POP3 assigns each mail message a unique ID called the UIDL, so it can tell which messages have been downloaded already.  In addition some vendor's have implemented an extension to POP3 called “XTND XMIT”, that allows clients to transmit outbound mail.  (Normally SMTP is used for that.)

IMAP (Internet Message Access Protocol) —  Like POP, IMAP is a protocol used between an MUA and an MAAIMAP is more powerful and flexible than POP but takes more resources so ISPs rarely offer it.  IMAP allows for selective message downloading and deleting, downloading of headers only, multiple mailboxes, and more.  IMAP is defined by RFC-3501.

Some vendor's use proprietary protocols to talk between their proprietary mail servers and MUAs.  Examples include Novell's “GroupWise”, IBM's “Lotus Notes”, and Microsoft's “Exchange”.  Some companies have reverse-engineered these protocols and claim to have compatible products but it is not a good idea to rely on those.  An “email gateway” is an MTA that translates between standard email protocols and some proprietary system's protocols.
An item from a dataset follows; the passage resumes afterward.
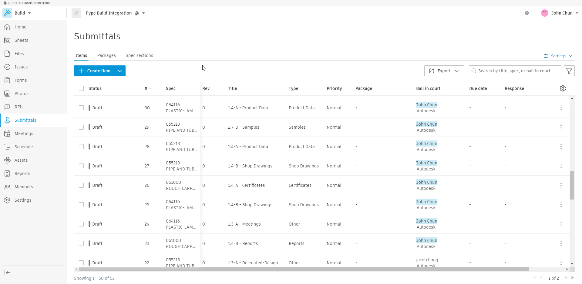- If you click View in Autodesk Build, it will open the Autodesk Build Submittals tool where the submittals have been exported to for submittal management.

One point to note about all these protocols is that the usernames and passwords are sent in plain text.  Variations of all three (ESMTP, POPS and IMAPS) allow for encryption to protect usernames and passwords (and the contents of the email messages).  However few ISPs support these protocols since they require more resources (and hence are more expensive to implement).

Mailing Lists:

A list of e-mail addresses identified by a single name such as students@hccfl.edu is called a mailing list.  When an e-mail message is sent to the mailing list name it gets sent to all the addresses in the list.  Each list also has a special email address for configuring your use of the list (for example, add or remove yourself from the list) and another address for the (human) owner of the list.  A good resource for learning about mailing lists is “Understanding Mailing Lists” by Harley Hahn (the author of our textbook).

Configuring an MDA:

Users can configure the procmail MDA to manage mail logs, to spam check, to filter email, to automatically reply to some mail, etc.  See the man pages for procmailrc and procmailex.  The file ~wpollock/.procmailrc contains examples of MDA return-receipts and spam filter using regular expressions, spamassassin (www.SpamAssassin.org).